From the entries that follow, reproduce exactly and only the lines from the line with "Wendeschneidplattenbohrer zum einsetzen" to the line with "Суть жалобы: играли", endpoints included.

* INFORMATION SUPPLIED *
•••

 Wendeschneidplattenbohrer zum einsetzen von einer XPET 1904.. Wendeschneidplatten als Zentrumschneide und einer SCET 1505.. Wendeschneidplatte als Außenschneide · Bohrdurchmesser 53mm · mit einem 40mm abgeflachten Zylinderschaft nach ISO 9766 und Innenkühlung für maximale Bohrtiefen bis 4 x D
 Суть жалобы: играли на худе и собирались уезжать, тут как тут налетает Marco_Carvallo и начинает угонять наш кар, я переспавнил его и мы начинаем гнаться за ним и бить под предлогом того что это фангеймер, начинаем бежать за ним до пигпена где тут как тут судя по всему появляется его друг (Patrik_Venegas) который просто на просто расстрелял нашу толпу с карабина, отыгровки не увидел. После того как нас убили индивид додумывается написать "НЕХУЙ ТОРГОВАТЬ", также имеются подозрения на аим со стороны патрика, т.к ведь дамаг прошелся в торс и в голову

•••

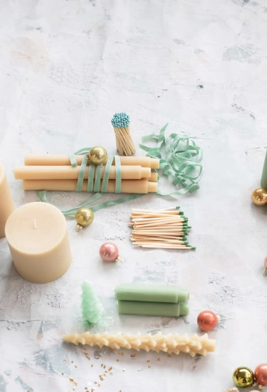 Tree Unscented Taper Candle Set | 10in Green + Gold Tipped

•••

* SOLUTION FOR THIS EXERCISE *
 Wendeschneidplattenbohrer zum einsetzen von einer XPET 1904.. Wendeschneidplatten als Zentrumschneide und einer SCET 1505.. Wendeschneidplatte als Außenschneide · Bohrdurchmesser 53mm · mit einem 40mm abgeflachten Zylinderschaft nach ISO 9766 und Innenkühlung für maximale Bohrtiefen bis 4 x D
 Суть жалобы: играли на худе и собирались уезжать, тут как тут налетает Marco_Carvallo и начинает угонять наш кар, я переспавнил его и мы начинаем гнаться за ним и бить под предлогом того что это фангеймер, начинаем бежать за ним до пигпена где тут как тут судя по всему появляется его друг (Patrik_Venegas) который просто на просто расстрелял нашу толпу с карабина, отыгровки не увидел. После того как нас убили индивид додумывается написать "НЕХУЙ ТОРГОВАТЬ", также имеются подозрения на аим со стороны патрика, т.к ведь дамаг прошелся в торс и в голову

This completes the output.